In contrast, PBS has maintained a menu of family-friendly, commercial-free programming. Their daily news broadcasts examine issues in detail, providing more than one side of controversial issues. NPR broadcasts a variety of easy listening music and down-to-Earth conversations with their audiences.

While Congress did restore some funding to next year's budget for PBS and NPR following a flood of feedback from the American public, they have vowed to totally eliminate funding for these two networks within the next two years.

Why is it that Congress is willing to provide tax and other monetary benefits to the oil and pharmaceutical industries, but is not willing to support public broadcasting? What is it that the current administration and Congress find so threatening about PBS and NPR? Do they believe the wholesome programs do not support their version of "family values"?

Maybe it is because these two networks actually attempt to educate the American public and encourage them to think for themselves, rather than to merely accept what is fed to them in short, quick, incomplete sound bites.

Kathy Villere


Tuning out

Due to the quality of shows on TV this summer, I have started watching the commercials. In the past, I tended to block them out. They seemed to be targeted to the 8-year-old age group. However, lately some have piqued my interest.

I have noticed that a large number of pharmaceutical companies are offering their products on TV. They will tell you how great the products are, but never tell you what it's used for.

Then there are other commercials that give too much information. There is one with "Bob" who has taken the natural male enhancement product. This guy goes around with this stupid grin on his face and goes skinny-dipping in his neighbor's pool during a neighborhood picnic. I've decided if that product makes you look and act like Bob, I will avoid it at all costs.

Then there is this insurance company that tells us that 15 minutes can save us 15 percent on our car insurance. And who did they hire to get the message out? A talking gecko. Now, how much would they be paying this talking gecko (even if he has an agent)?

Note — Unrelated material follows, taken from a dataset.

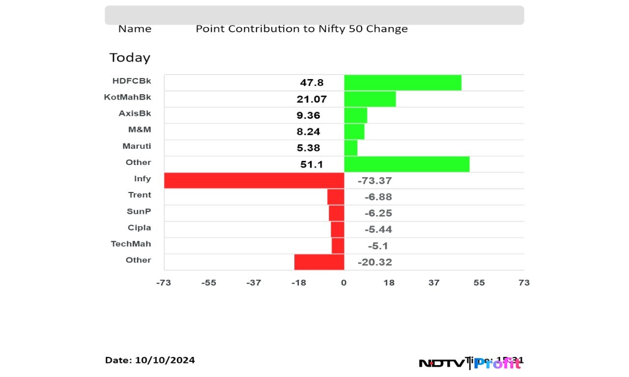 Shares of HDFC Bank Ltd., Kotak Mahindra Bank Ltd., Axis Bank Ltd., Mahindra & Mahindra Ltd., and Maruti Suzuki India Ltd. contributed the most to gains in the Nifty.

With all the money they are saving on a real actor, they can only knock off 15 percent?

Advertising has changed over the years. I recall as a young man, I would listen to an English-speaking radio station in Mexico with a mailing address in Del Rio, Texas. They advertised everything you could ever imagine and some things you could never imagine. The difference was, we knew it was junk, but it was cheap junk. And some of it was good for a laugh.

Today, TV is still selling a lot of junk, but charging premium prices.

Well I guess I'll just have to wait and see what shows the networks offer this fall. Whatever they offer, I'm sure it will be interrupted every five minutes for a junk sale at premium prices. Maybe I'll just start watching radio.